**The task**
Below are some records: retype them all exactly, but not the pictures.

(Dataset entries Opens)

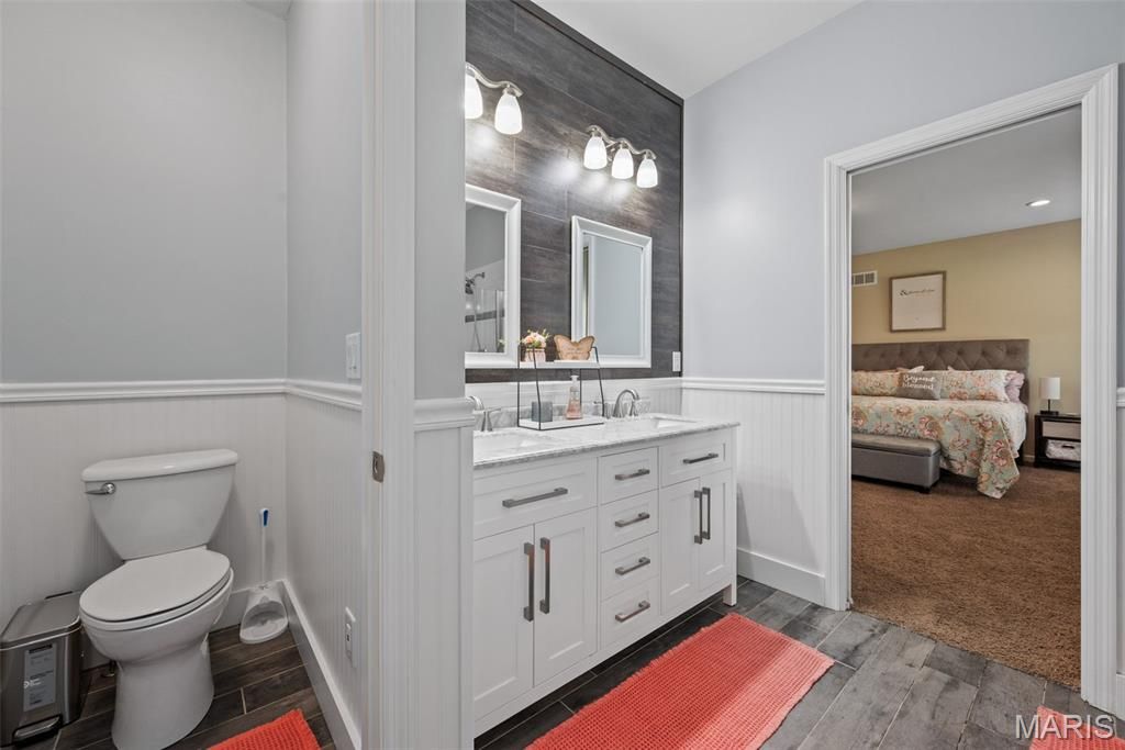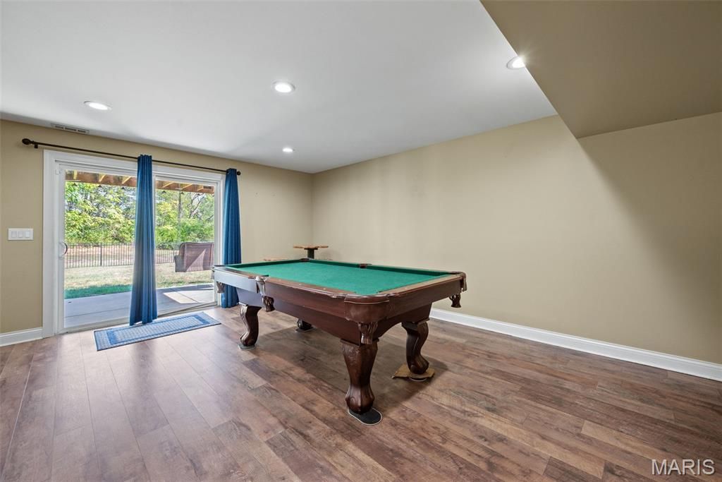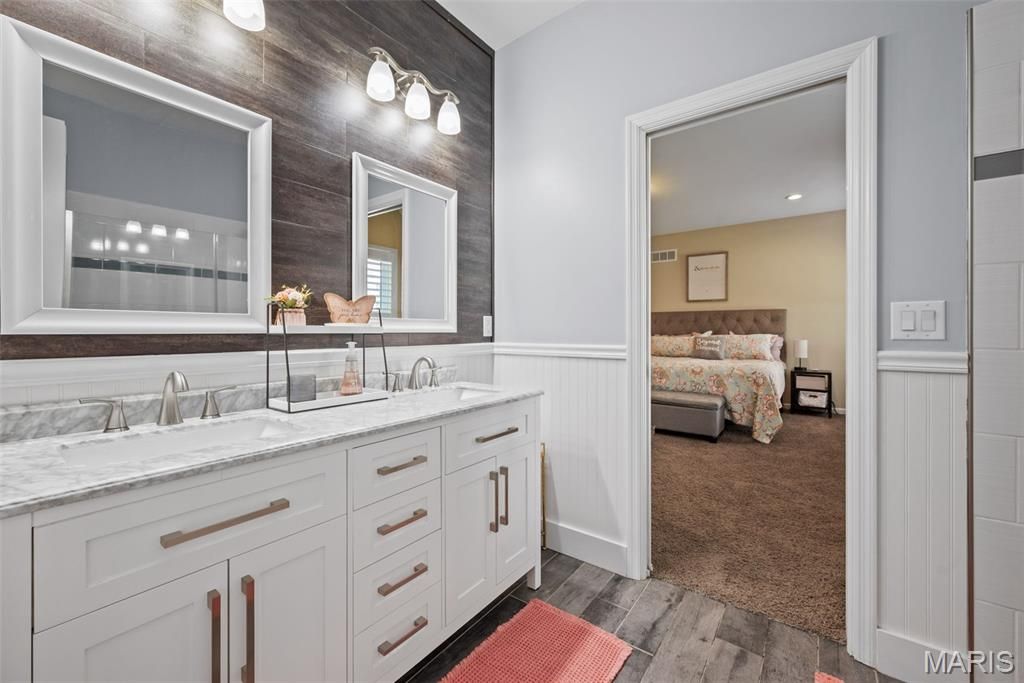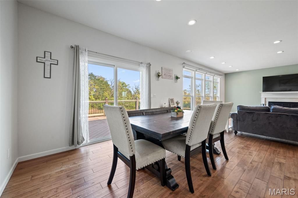Welcome home to this stunning 1.5-story offering 5 bedrooms, 3.5 bathrooms, and exceptional living spaces throughout. Perfectly situated on a beautiful flat lot that backs to mature trees, this home features a fully fenced backyard"”ideal for outdoor entertaining, play, and relaxation. The inviting curb appeal is complemented by a spacious 3-car garage. Inside, the main level boasts a luxurious primary suite complete with custom built-in shelving, elegant plantation shutters, a spa-like en suite bath, and an expansive walk-in closet. The heart of the home features a large living room with a cozy wood-burning fireplace and abundant natural light. The kitchen provides plenty of cabinet and counter space, a pantry, and a comfortable flow for both everyday living and hosting guests. Upstairs, you'll find a generous loft area"”perfect for a reading nook or playroom"”along with three spacious bedrooms, each offering its own walk-in closet and sharing a full bath. The finished walk-out basement expands your living space with a huge recreation room, ideal for movie nights or game days, plus a flexible area for an office, gym, or homeschool setup. A fifth bedroom and full bath make this lower level perfect for guests or extended family. Step outside to enjoy the private patio and tree-lined backdrop that provides peace and privacy. This meticulously maintained home truly combines comfort, function, and style in every detail.
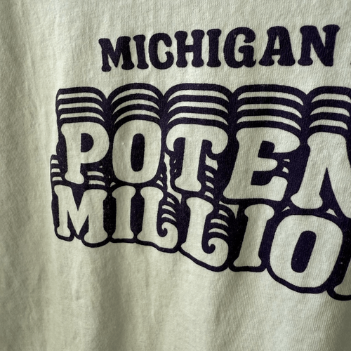 Washed but never worn, fruit and the loom 100% cotton novelty T-shirt in white with purple print on the front that says Michigan lottery potential millionaire. Humorous and hopeful. Laying flat measures 30 inches shoulder to ham and 21 inches armpit to armpit.
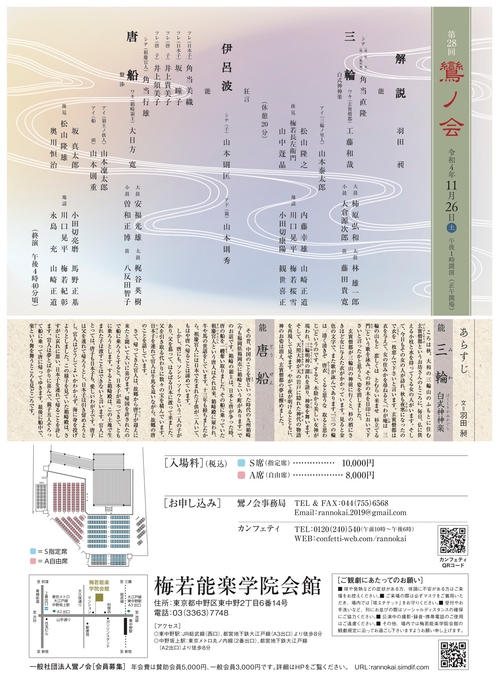一般社団法人鸞ノ会主催『第28回鸞ノ会』が2022年11月26日 (土)に梅若能楽学院会館(東京都中野区東中野2-6-14)にて開催されます。
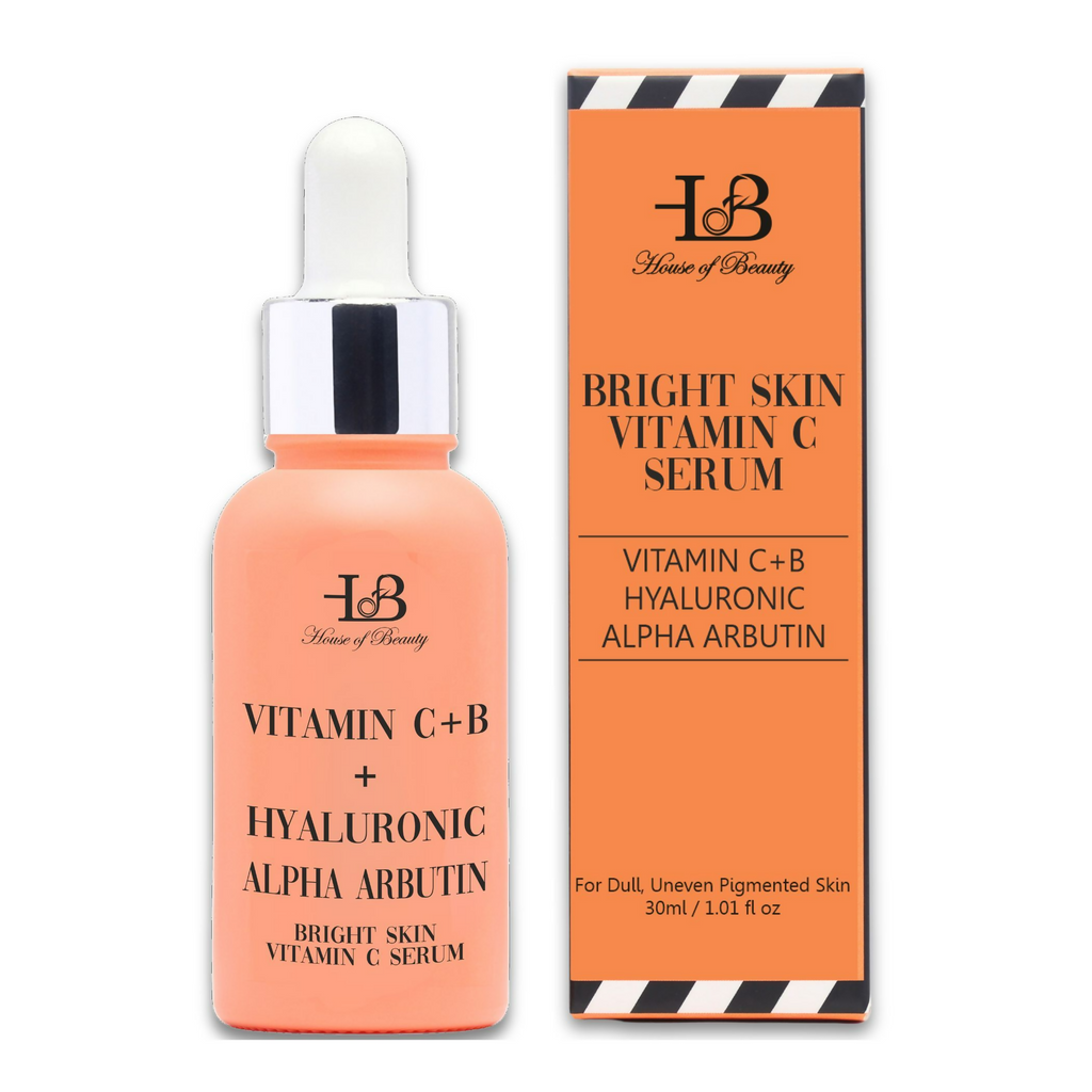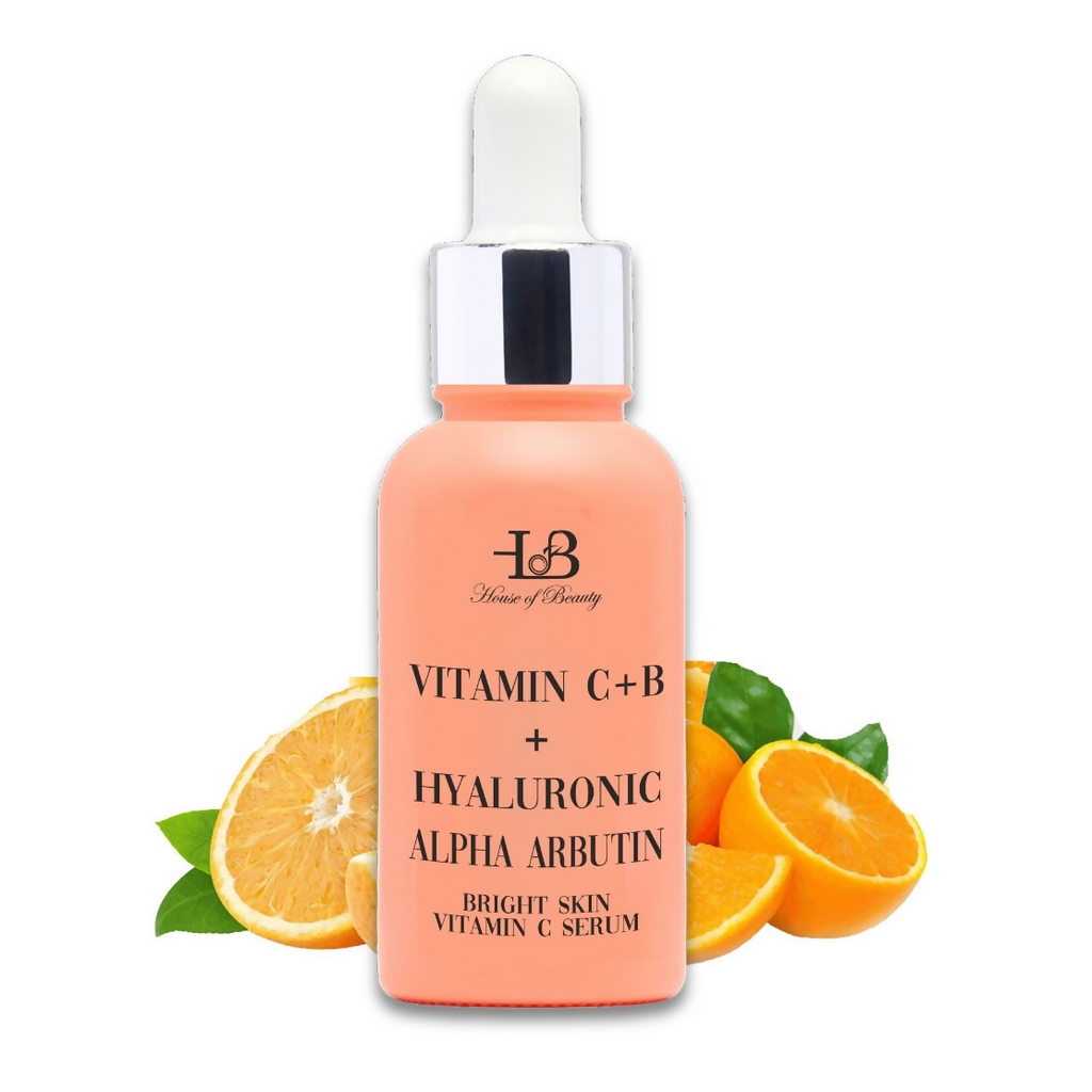 Paraphrase: House of Beauty Vitamin C B+ Serum Ingredients: Vitamin C-5%, Hydroxyethyl urea-1%,PEG-12 dimethicone-2% Aqua,Glycerin-2%, Amodimethicone-1.5%,Sodium PCA-1%, Microcare PEHG- 0.8%,Betaine-1%, Alpha arbutin-1%,Hydroxyethyl cellulose-0.5%,Vitamin B3-2%,Hyal
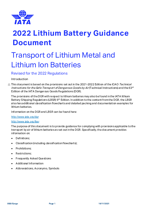 The purpose of this document is to provide guidance for complying with provisions applicable to the transport by air of lithium batteries as set out in the IATA Dangerous Goods Regulations.
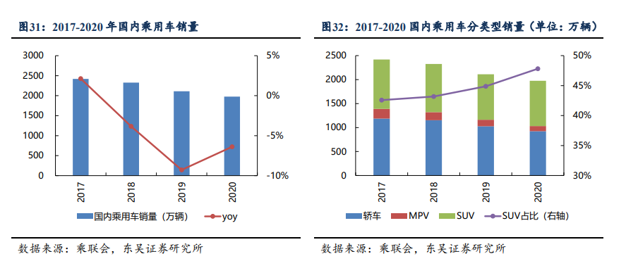 2017-2020年国内乘用车行业销量持续下滑。国内乘用车行业销量从2017年的2419.75万辆下降至2020年的1975.96万辆,3年复合增长率为-6.53%,国内乘用车行业总量在SUV周期后期出现持续下降主要系:1、小排量乘用车购置税优惠政策2017年年末结束,因此2018年需求被部分透支;2、2018年中美贸易摩擦对国内宏观经济造成一定影响,乘用车作为可选消费也遭受到一定冲击;3、2020H1国内突发的公共卫生事件对人员流动产生一定影响。
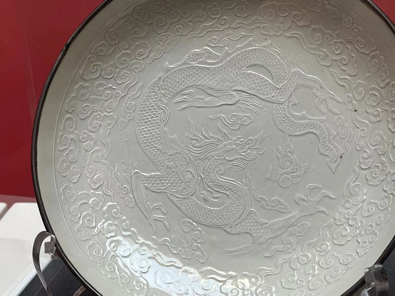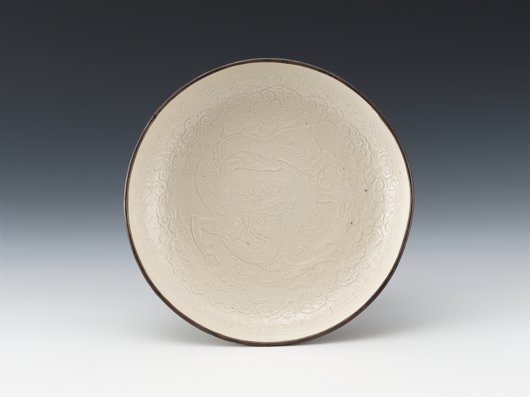 定窑白釉印花云龙纹盘
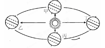 本题解析:本题考查地球运动。材料反映黑龙江漠河昼短夜长,判断为北半球的冬季,则地球运动接近冬至日附近,利用图示的太阳直射点位置判断:乙处太阳直射点位于北回归线上,为夏至日;丁处太阳直射点位于南回归线上,为冬至日。
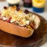 Pao, 2 salsicha, queijo, presunto, bacon, Catupiry, milho, batata palha, molho branco e molho a bolonhesa
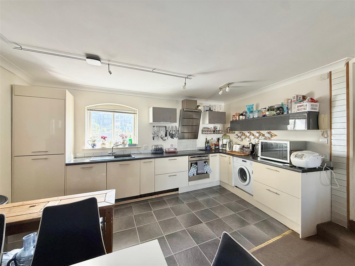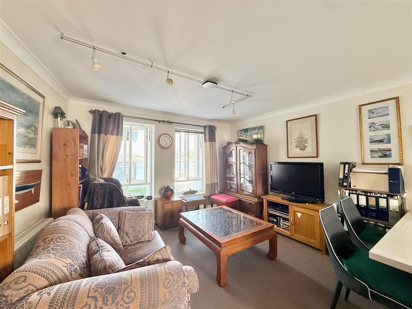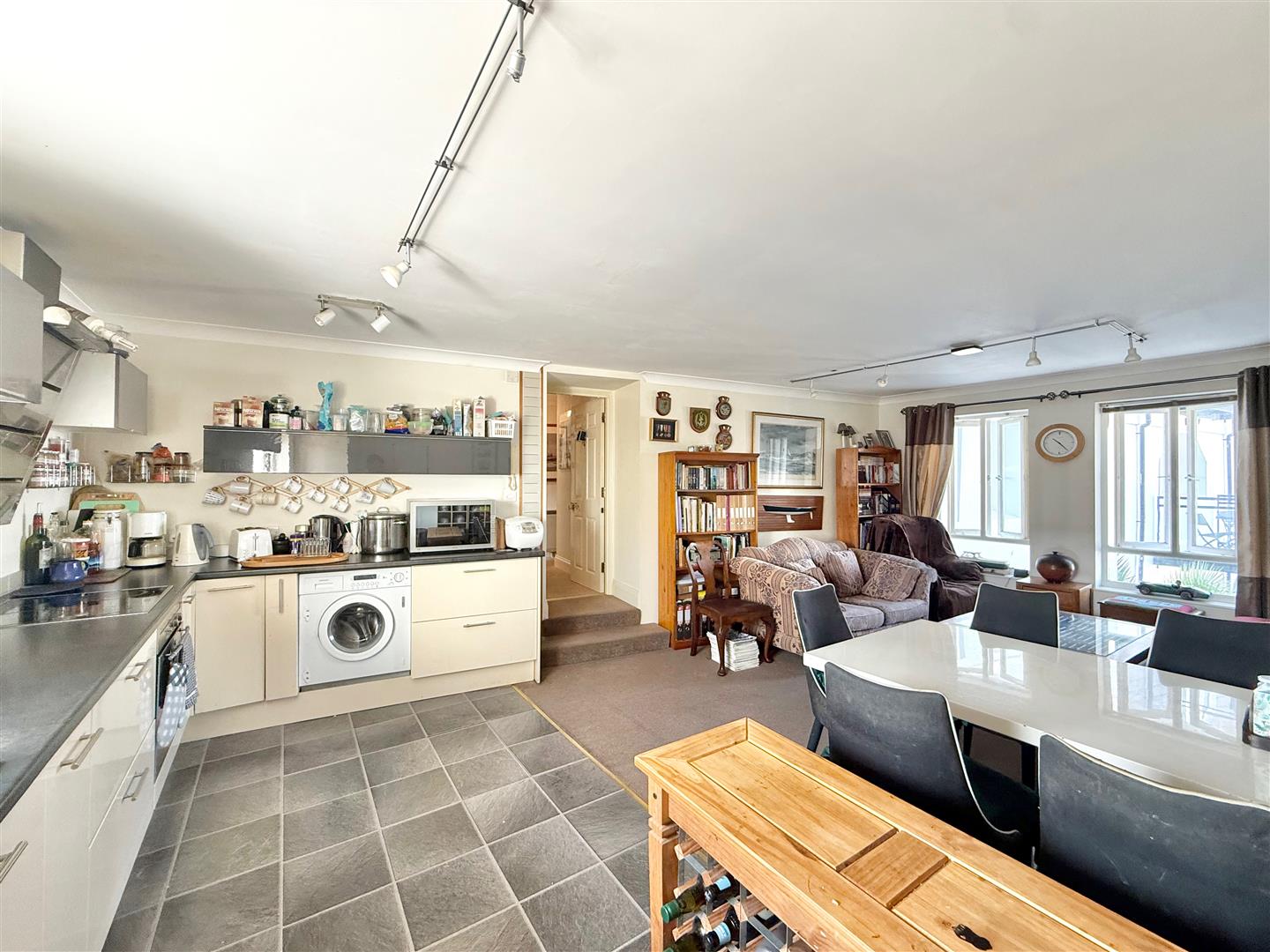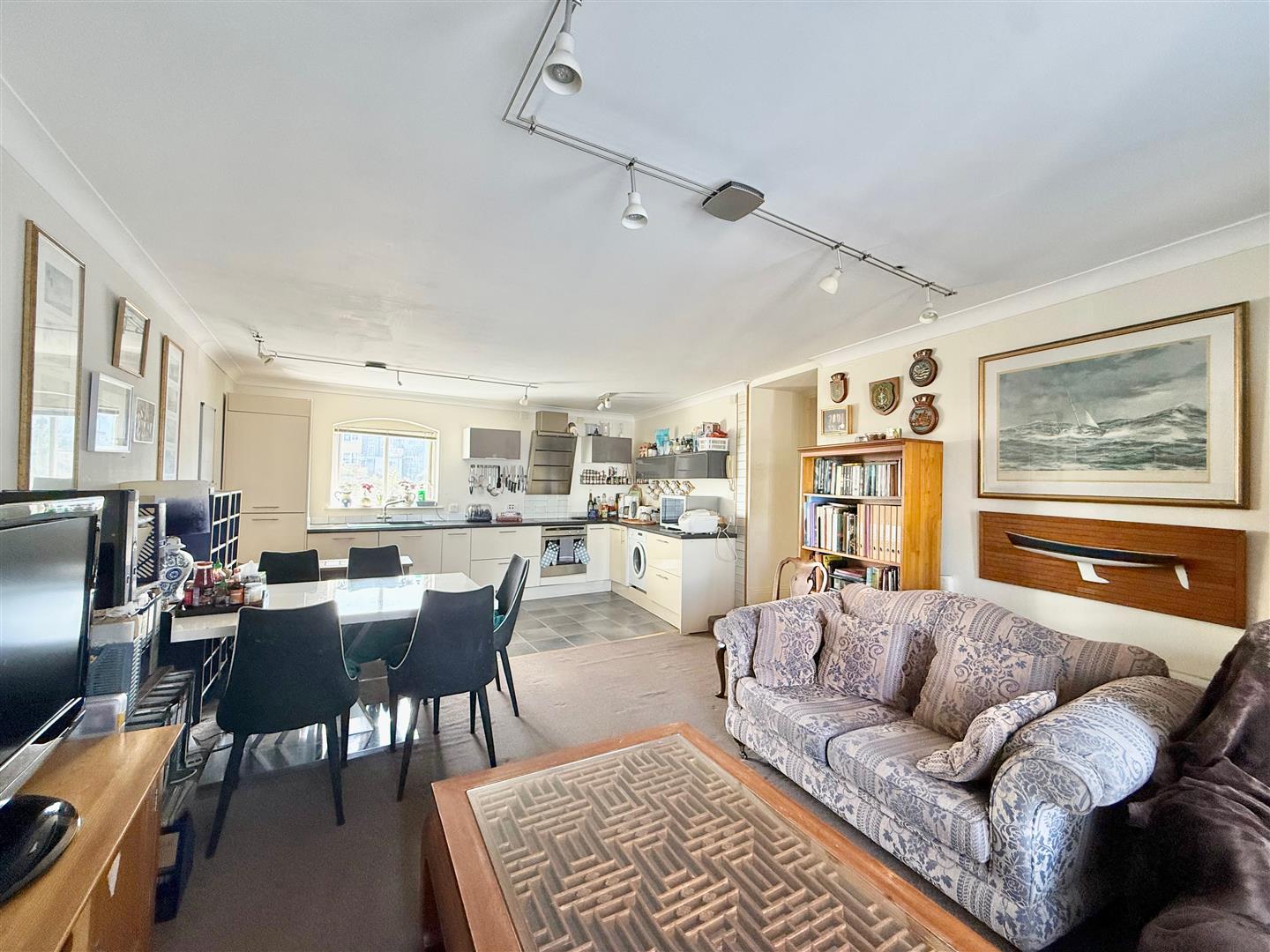 Open-Plan Living Room & Kitchen - 6.73m x 4.45m at widest point (22'1 x 14'7 at wide - A generous open-plan room providing ample space for seating and dining. The room is dual aspect with windows to the front and rear elevations. The windows from the rear provide lovely water views. The kitchen area is fitted with a range of matching cabinets with work surfaces and tiled splash-backs. Built-in oven and hob with a cooker hood above. Inset sink unit. Washing machine. Dishwasher. Built-in integral fridge-freezer.

(Dataset entries Closes)

**Output of the exercise**
Welcome home to this stunning 1.5-story offering 5 bedrooms, 3.5 bathrooms, and exceptional living spaces throughout. Perfectly situated on a beautiful flat lot that backs to mature trees, this home features a fully fenced backyard"”ideal for outdoor entertaining, play, and relaxation. The inviting curb appeal is complemented by a spacious 3-car garage. Inside, the main level boasts a luxurious primary suite complete with custom built-in shelving, elegant plantation shutters, a spa-like en suite bath, and an expansive walk-in closet. The heart of the home features a large living room with a cozy wood-burning fireplace and abundant natural light. The kitchen provides plenty of cabinet and counter space, a pantry, and a comfortable flow for both everyday living and hosting guests. Upstairs, you'll find a generous loft area"”perfect for a reading nook or playroom"”along with three spacious bedrooms, each offering its own walk-in closet and sharing a full bath. The finished walk-out basement expands your living space with a huge recreation room, ideal for movie nights or game days, plus a flexible area for an office, gym, or homeschool setup. A fifth bedroom and full bath make this lower level perfect for guests or extended family. Step outside to enjoy the private patio and tree-lined backdrop that provides peace and privacy. This meticulously maintained home truly combines comfort, function, and style in every detail.
 Washed but never worn, fruit and the loom 100% cotton novelty T-shirt in white with purple print on the front that says Michigan lottery potential millionaire. Humorous and hopeful. Laying flat measures 30 inches shoulder to ham and 21 inches armpit to armpit.
一般社団法人鸞ノ会主催『第28回鸞ノ会』が2022年11月26日 (土)に梅若能楽学院会館(東京都中野区東中野2-6-14)にて開催されます。
 Paraphrase: House of Beauty Vitamin C B+ Serum Ingredients: Vitamin C-5%, Hydroxyethyl urea-1%,PEG-12 dimethicone-2% Aqua,Glycerin-2%, Amodimethicone-1.5%,Sodium PCA-1%, Microcare PEHG- 0.8%,Betaine-1%, Alpha arbutin-1%,Hydroxyethyl cellulose-0.5%,Vitamin B3-2%,Hyal
 The purpose of this document is to provide guidance for complying with provisions applicable to the transport by air of lithium batteries as set out in the IATA Dangerous Goods Regulations.
 2017-2020年国内乘用车行业销量持续下滑。国内乘用车行业销量从2017年的2419.75万辆下降至2020年的1975.96万辆,3年复合增长率为-6.53%,国内乘用车行业总量在SUV周期后期出现持续下降主要系:1、小排量乘用车购置税优惠政策2017年年末结束,因此2018年需求被部分透支;2、2018年中美贸易摩擦对国内宏观经济造成一定影响,乘用车作为可选消费也遭受到一定冲击;3、2020H1国内突发的公共卫生事件对人员流动产生一定影响。
 定窑白釉印花云龙纹盘
 本题解析:本题考查地球运动。材料反映黑龙江漠河昼短夜长,判断为北半球的冬季,则地球运动接近冬至日附近,利用图示的太阳直射点位置判断:乙处太阳直射点位于北回归线上,为夏至日;丁处太阳直射点位于南回归线上,为冬至日。
 Pao, 2 salsicha, queijo, presunto, bacon, Catupiry, milho, batata palha, molho branco e molho a bolonhesa
 Open-Plan Living Room & Kitchen - 6.73m x 4.45m at widest point (22'1 x 14'7 at wide - A generous open-plan room providing ample space for seating and dining. The room is dual aspect with windows to the front and rear elevations. The windows from the rear provide lovely water views. The kitchen area is fitted with a range of matching cabinets with work surfaces and tiled splash-backs. Built-in oven and hob with a cooker hood above. Inset sink unit. Washing machine. Dishwasher. Built-in integral fridge-freezer.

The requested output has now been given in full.